# Looking for active adult online ACNH players! (21+)



## Isabelle Nook (Nov 18, 2020)

Hi there! I'm looking for some new friends to visit with and play together in ACNH! I've been playing since day 1, but most of my in game friends have either stopped playing or are too busy with real life. I'm missing the group Celeste visits, star watch parties, fishing and bug tourneys and group games we used to create! Doesn't matter if you're brand new to the game or if you've been playing since the beginning, it's always more fun sharing with others! Plus more Ables to shop!

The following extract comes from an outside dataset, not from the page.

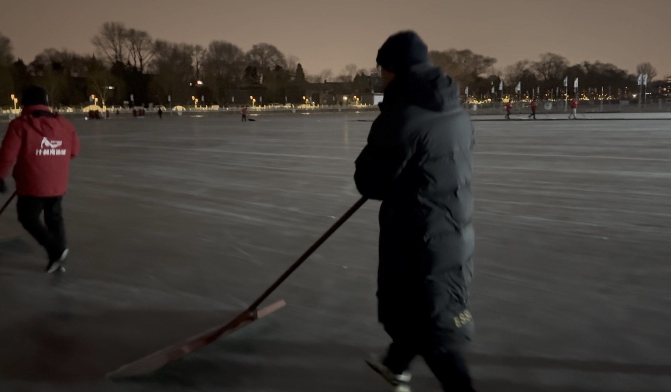 夜幕降临,随着最后一波游客三三两两离开冰场,什刹海速滑区的冰面上显现出冰刀划过的细密划痕,这既是白天冰场热闹的体现,也是第二天安全滑行的阻碍,冰场内只剩下忙碌的工作人员。什刹海冰场负责人干从雨介绍:

You can post your friend code below if you'd like to be added. If you add me be sure to leave a comment below or shoot me a dm so I know who you are!


----------



## Tiffkaboo (Nov 18, 2020)

Hey! I'm an adult player who just got the game a little over a month ago, but I'm very active! I'm actually at work right now, so if you want to add me, my friend code is on the left/on my profile.


----------



## Isabelle Nook (Nov 18, 2020)

Thanks, I sent you a friend request!


----------



## Isabelle Nook (Nov 18, 2020)

Still looking for more friends!


----------



## LadyL (Nov 19, 2020)

I am an adult player looking to visit other islands and would love to welcome you to mine! I started about a month ago also. If you’d like to add me my FC is 3096-5528-8307. I’ll add you as well.


----------



## Isabelle Nook (Nov 19, 2020)

LadyL said:


> I am an adult player looking to visit other islands and would love to welcome you to mine! I started about a month ago also. If you’d like to add me my FC is 3096-5528-8307. I’ll add you as well.


Sent you a friend request!


----------